What cell types are compatible with the ECM2001?
Mammalian somatic cells (fibroblasts, lymphocytes), oocytes (bovine, porcine, murine), embryonic stem cells, and hybridoma lines—provided they are suspended in low-conductivity buffers (e.g., mannitol-based fusion medium) prior to pulsing.
Can the ECM2001 be used for CRISPR RNP electroporation?
Yes—when configured in electroporation mode with optimized square-wave parameters (e.g., 1200 V, 20 µs, 1 pulse), it achieves >85% RNP delivery efficiency in primary T-cells, as demonstrated in peer-reviewed CAR-T development workflows.

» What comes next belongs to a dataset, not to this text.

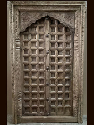Antique handcrafted wooden doors, windows and gates shutters from India. These pieces feature traditional carvings and some are decorated with brass or iron ornamentation. All the items shown below are in stock. Dimensions in centimetres width x depth x height. All prices include VAT.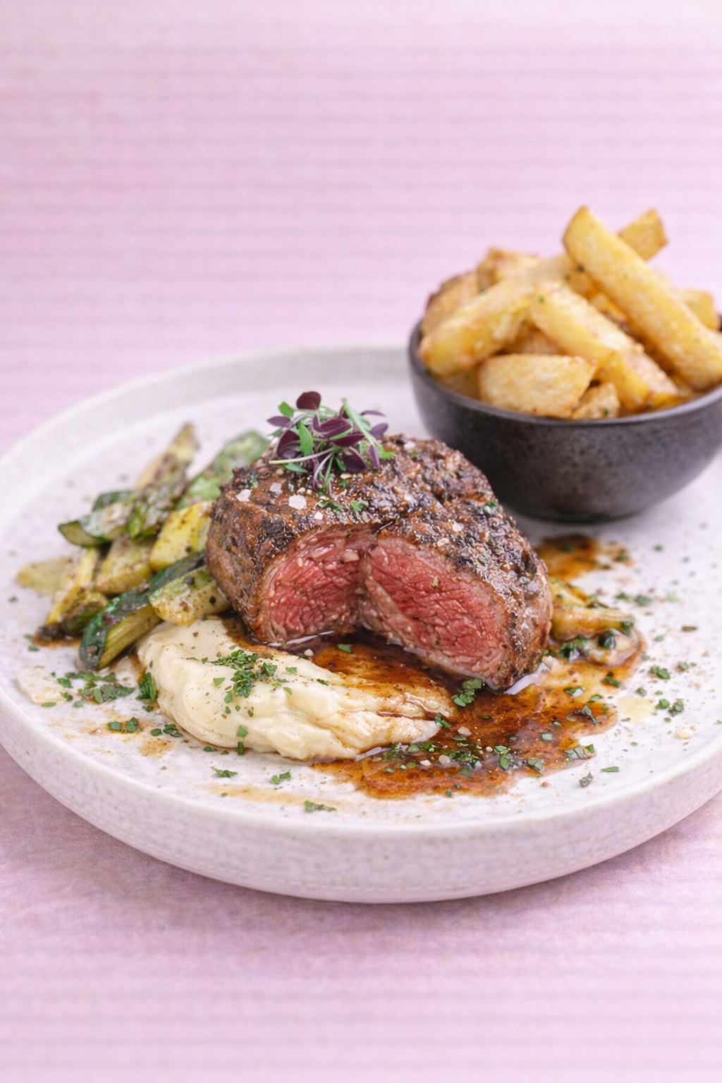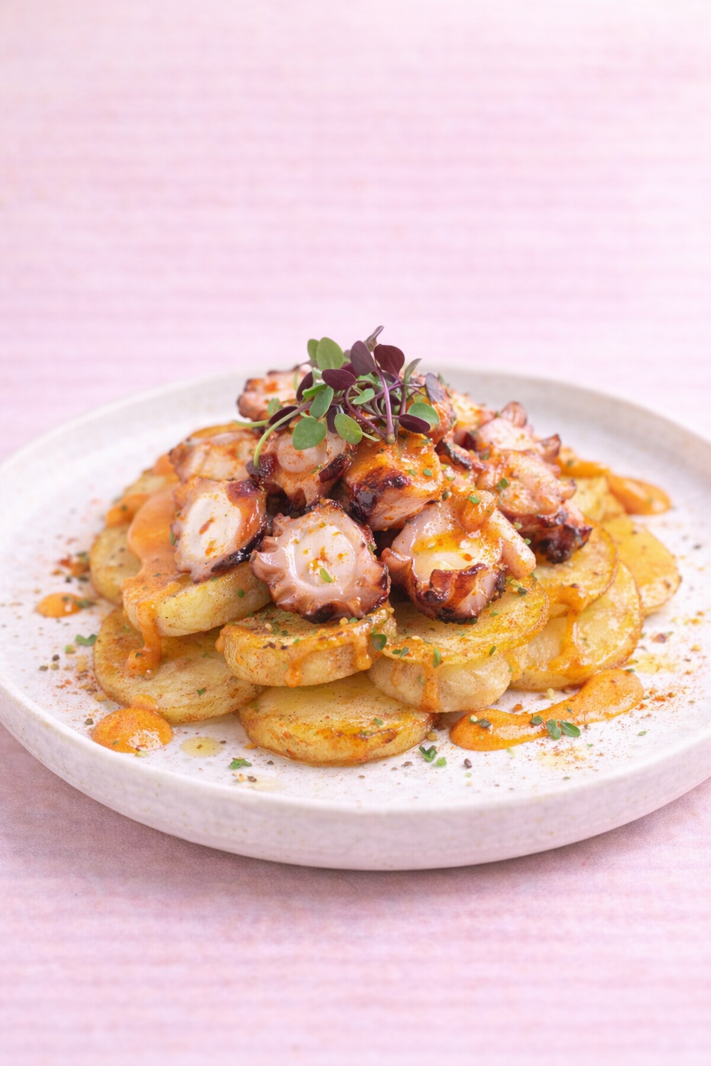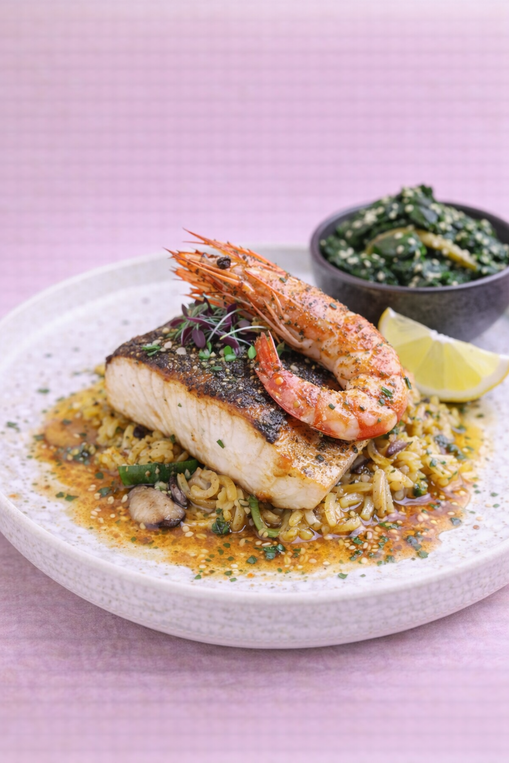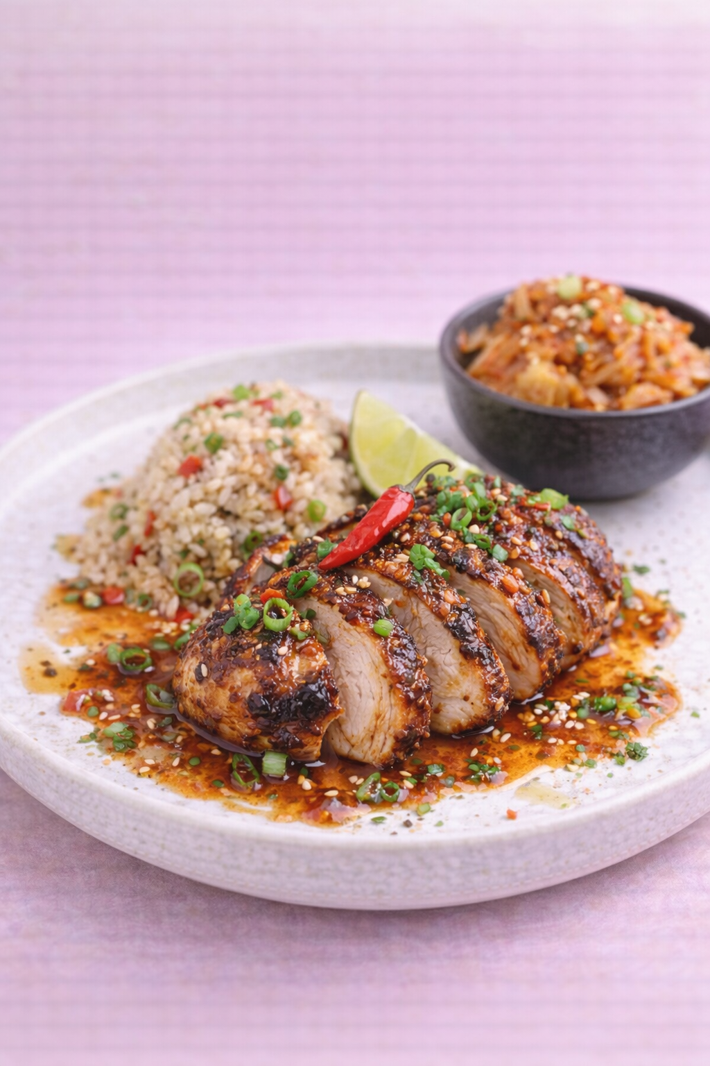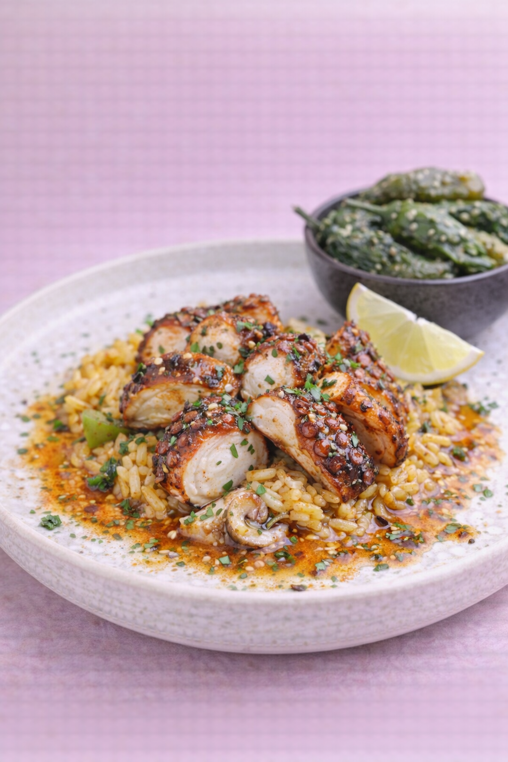 Bol de arroz jazmín con tofu crujiente marinado, garbanzos especiados al horno, boniato asado, brócoli al vapor, pepino, col morada y aguacate. Terminado con sésamo tostado, cilantro y un aliño cítrico de limón y jengibre.

Is the ECM2001 compliant with FDA 21 CFR Part 11?
The device itself is not digitally certified; however, its analog architecture enables full manual traceability and integration into Part 11–compliant documentation systems when used within validated SOPs and ELN workflows.
What maintenance is required?
Quarterly high-voltage output verification using calibrated probes, annual inspection of electrode contacts and insulation integrity, and routine cleaning of chamber interfaces with ethanol/IPA—no firmware updates or cloud connectivity required.